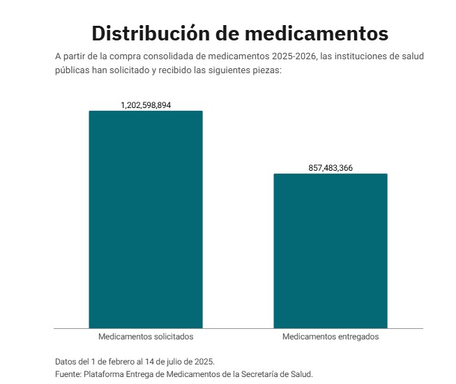 Por las fallas en la distribución, tres de cada 10 insumos de salud se han entregado con retraso en los últimos cinco meses o simplemente no han llegado a los hospitales públicos. Entre el 1 de febrero y el 14 de julio, las instituciones de salud pidieron 1,202 millones de piezas a los proveedores que ganaron contratos en la compra consolidada de medicamentos 2025-2026, pero solo se han entregado 857 millones, 71%.
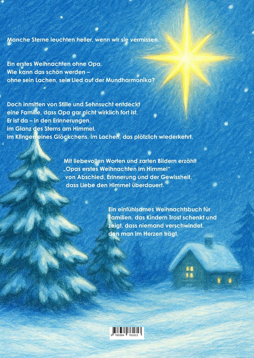 Ein liebevoll-tröstliches Weihnachtsbuch über den Verlust eines geliebten Menschen - behutsam erzählt für Kinder ab 3 Jahren.Als der geliebte Opa stirbt, steht die Familie vor ihrem ersten Weihnachten ohne ihn.Wie kann ein Fest voller Freude gelingen, wenn jemand so sehr fehlt?Doch im warmen Leuchten eines Sterns, im Klang der Mundharmonika und in vielen kleinen Erinnerungsmomenten spüren sie:Liebe endet nicht - sie bleibt."Opas erstes Weihnachten im Himmel" ist ein einfühlsames Bilderbuch über Trauer, Abschied, Erinnerung und Hoffnung.Es hilft Kindern, den Verlust eines Großelternteils zu verstehen, bietet Trost und zeigt, wie Erinnerungen Wärme schenken können.Dieses Buch ist ideal für:Familien, die mit Trauer umgehen müssenKinder, die einen Opa oder eine andere nahestehende Person verloren habenVorlesezeit im Kindergarten oder ZuhauseDie Weihnachtszeit, wenn Erinnerungen besonders spürbar sindGesprächsanlässe über Tod, Trauer & TrostExklusiv enthält dieses Buch einen einfühlsamen Zusatzteil, der Kindern und Erwachsenen hilft, eigene Gefühle zu verarbeiten:mit kindgerechten Impulsen zum Sprechen, Erinnern, Malen, Gestalten.Ein Mitmach-Bereich, der Trost schenkt und Raum gibt für das, was im Herzen bleibt.Eine liebevoll illustrierte Geschichte, die zeigt:Was man im Herzen trägt, kann man nicht verlieren.
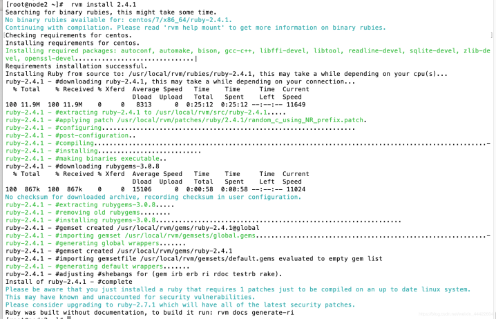(7)安装Ruby2.4.1版本(这个命令耗时较长,我花了25分钟才下载完毕,建议后台挂着下载即可),过程中下载失败,重新执行命令下载即可
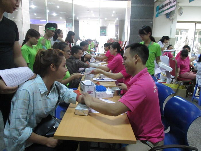 | Ngay từ 7 giờ sáng mà số lượng bạn trẻ đến đăng kí hiến máu đã rất đông. |
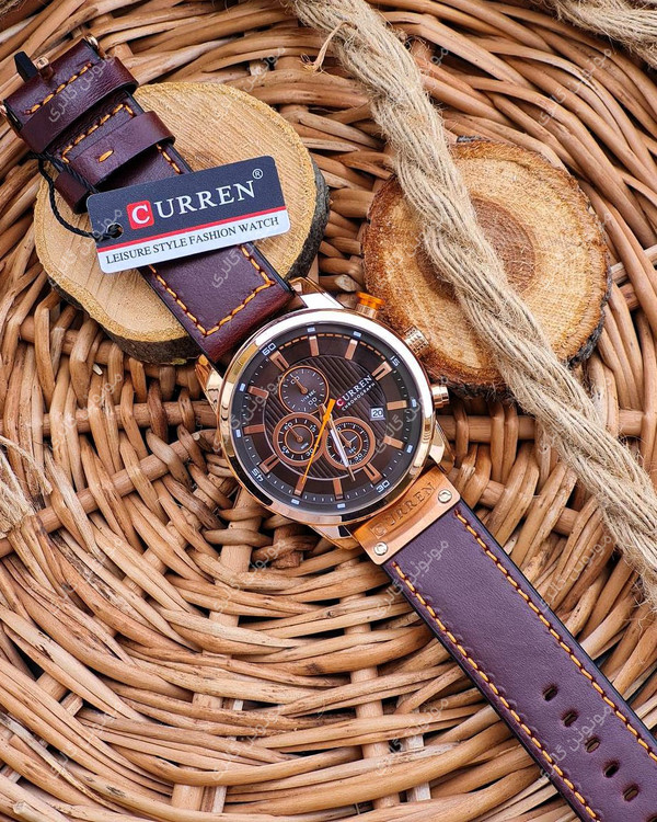 ساعت مچی مردانه کارن 8291 قهوه ای-رزگلد-قهوه ای CURREN سه موتور فعال
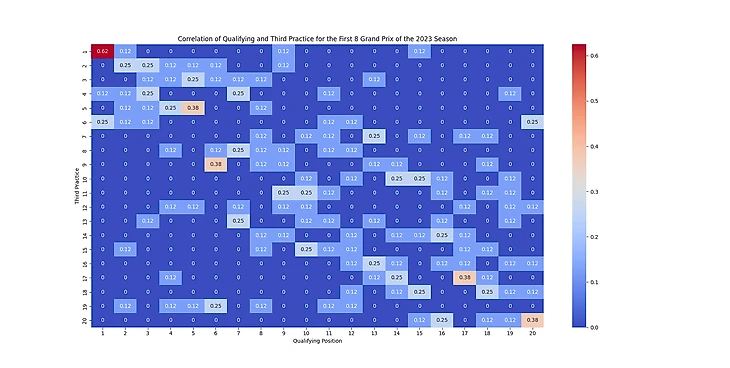 Корреляция позиций в третьей практике и в квалификации в 2023 году
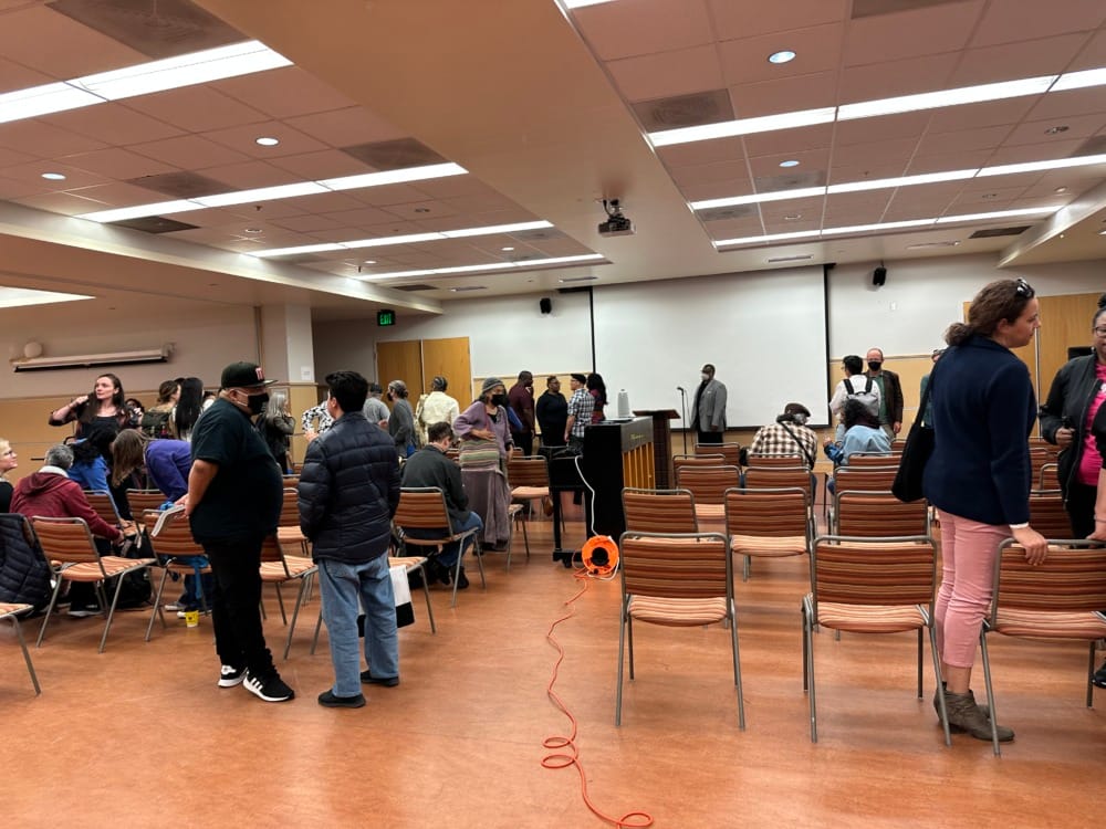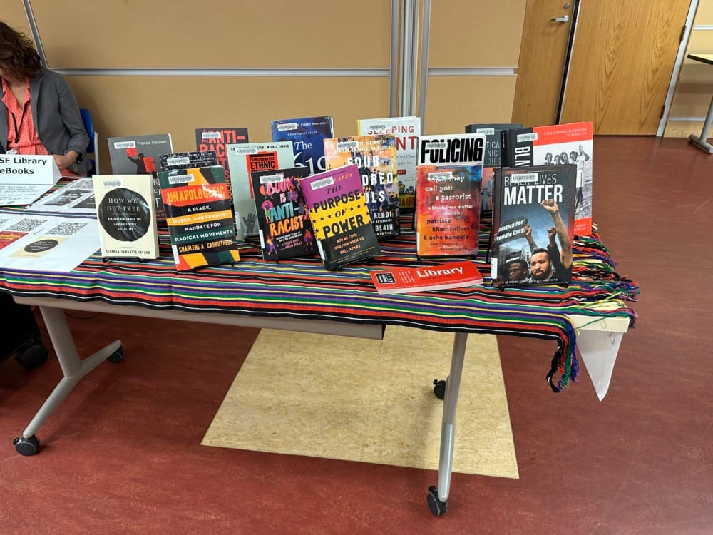 The City College library had a table at the event, and librarian Lisa Velarde was there to help students check out books. There were a variety of print books for checkout on social and racial justice topics, including Garza’s own book, “The Purpose of Power: How We Come Together When We Fall Apart.” There were also printouts of book QR codes that could be scanned so students could instantly access a digital copy of a book.

Directions for this task => Beginning with the line that holds "(7)安装Ruby2.4.1", return each line through the end of the records above exactly. Do not include pictures.

Written solution =>
(7)安装Ruby2.4.1版本(这个命令耗时较长,我花了25分钟才下载完毕,建议后台挂着下载即可),过程中下载失败,重新执行命令下载即可
 | Ngay từ 7 giờ sáng mà số lượng bạn trẻ đến đăng kí hiến máu đã rất đông. |
 ساعت مچی مردانه کارن 8291 قهوه ای-رزگلد-قهوه ای CURREN سه موتور فعال
 Корреляция позиций в третьей практике и в квалификации в 2023 году
 The City College library had a table at the event, and librarian Lisa Velarde was there to help students check out books. There were a variety of print books for checkout on social and racial justice topics, including Garza’s own book, “The Purpose of Power: How We Come Together When We Fall Apart.” There were also printouts of book QR codes that could be scanned so students could instantly access a digital copy of a book.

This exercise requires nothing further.